Source material START

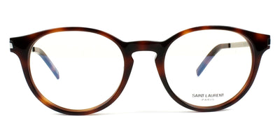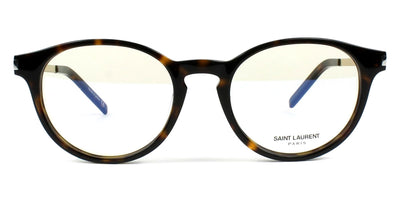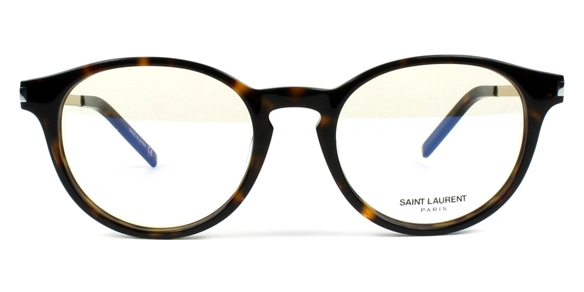 SL 25 Eyeglasses by Saint Laurent. Frame Material: Plastic and Metal, Frame Shape: Round, Frame Type: Full Rim, Color: Gold, Silver 001, Silver 002, Size: 49-19-140. The famous French brand Saint Laurent creates glasses for women and men and deservedly receives recognition after each release and presentation at the fashion shows. The manufacturer considers the collection of sunglasses and eyeglasses as part of the company concept, they are perfectly combined with clothes, shoes, and other products released under the name of Saint Laurent. The frames are made of premium quality plastic or metal, and thanks to this solution, each model of the brand is designed for many years of use. Daring decisions and ideas are implemented in these accessories which have gained popularity among stylish people around the world. Yves Saint Laurent turned high fashion upside down, bringing into it feminine sensuality and masculine seductiveness.
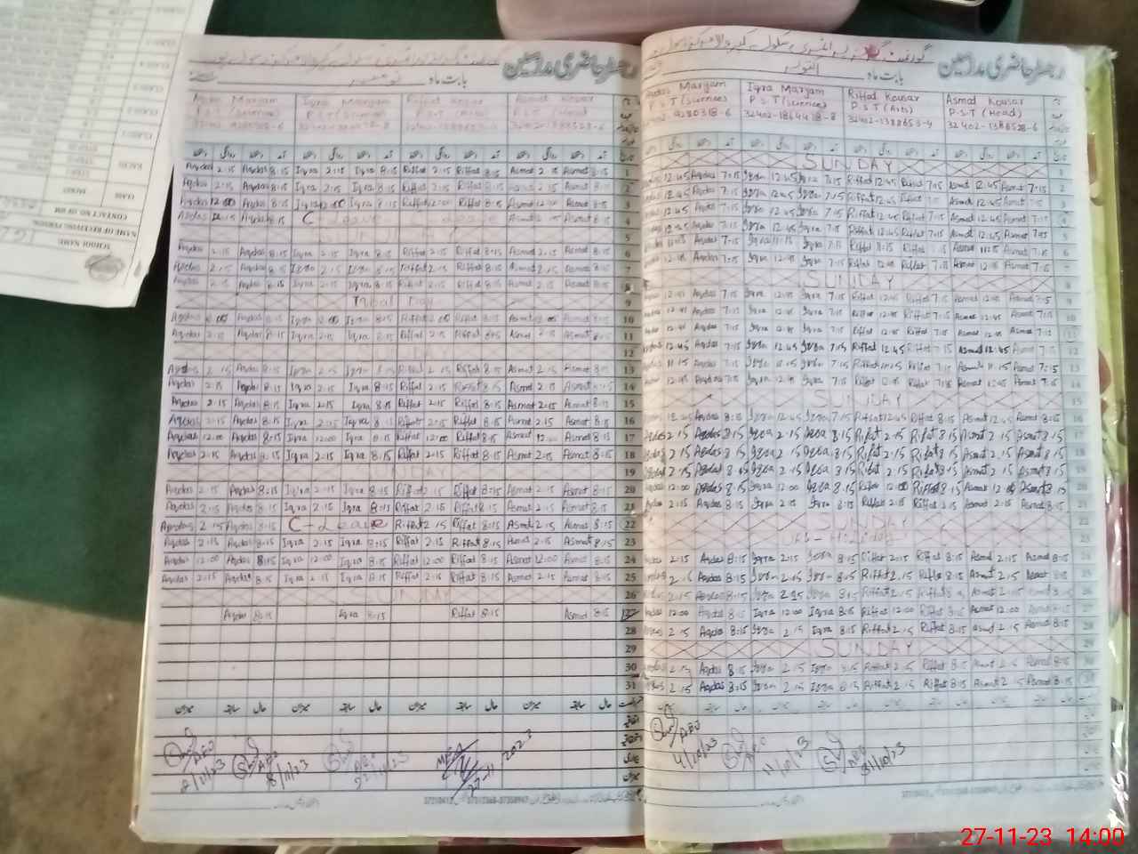| CNIC | Full Name | Designation | R/C | Absence During Last Calender Month |
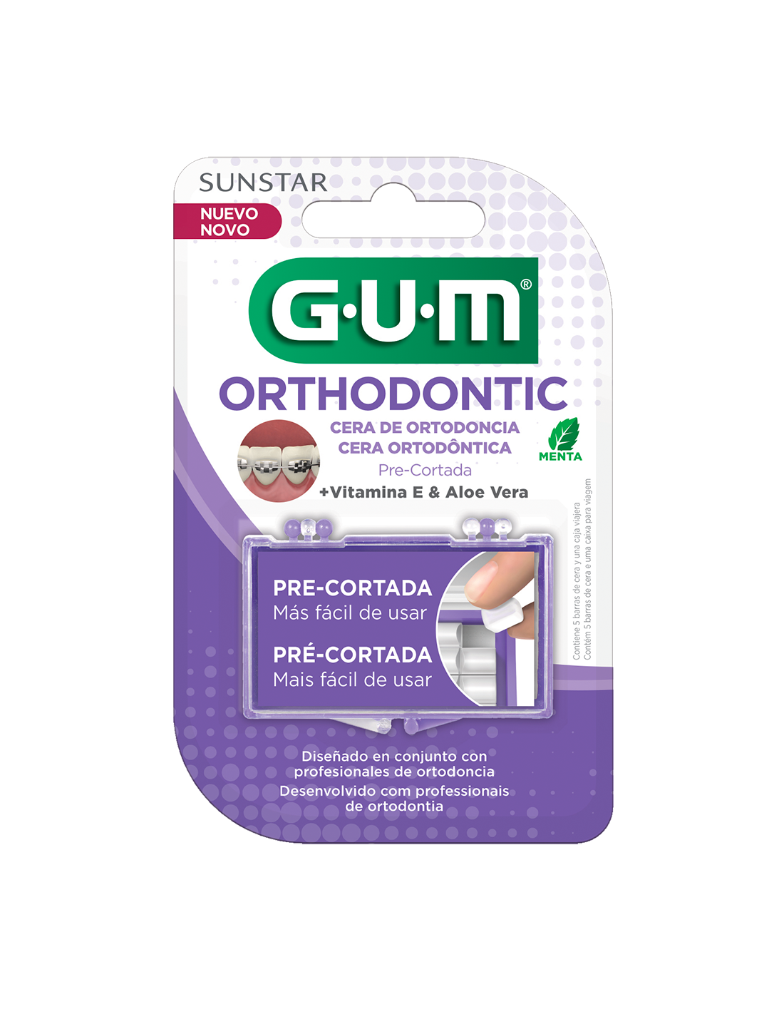 GUM Cera para ortodoncia incolora sabor menta-Estuche BAR x 5

Source material END

Would you restate the listing word for word and leave every picture out?

__Reply__
 SL 25 Eyeglasses by Saint Laurent. Frame Material: Plastic and Metal, Frame Shape: Round, Frame Type: Full Rim, Color: Gold, Silver 001, Silver 002, Size: 49-19-140. The famous French brand Saint Laurent creates glasses for women and men and deservedly receives recognition after each release and presentation at the fashion shows. The manufacturer considers the collection of sunglasses and eyeglasses as part of the company concept, they are perfectly combined with clothes, shoes, and other products released under the name of Saint Laurent. The frames are made of premium quality plastic or metal, and thanks to this solution, each model of the brand is designed for many years of use. Daring decisions and ideas are implemented in these accessories which have gained popularity among stylish people around the world. Yves Saint Laurent turned high fashion upside down, bringing into it feminine sensuality and masculine seductiveness.
| CNIC | Full Name | Designation | R/C | Absence During Last Calender Month |
 GUM Cera para ortodoncia incolora sabor menta-Estuche BAR x 5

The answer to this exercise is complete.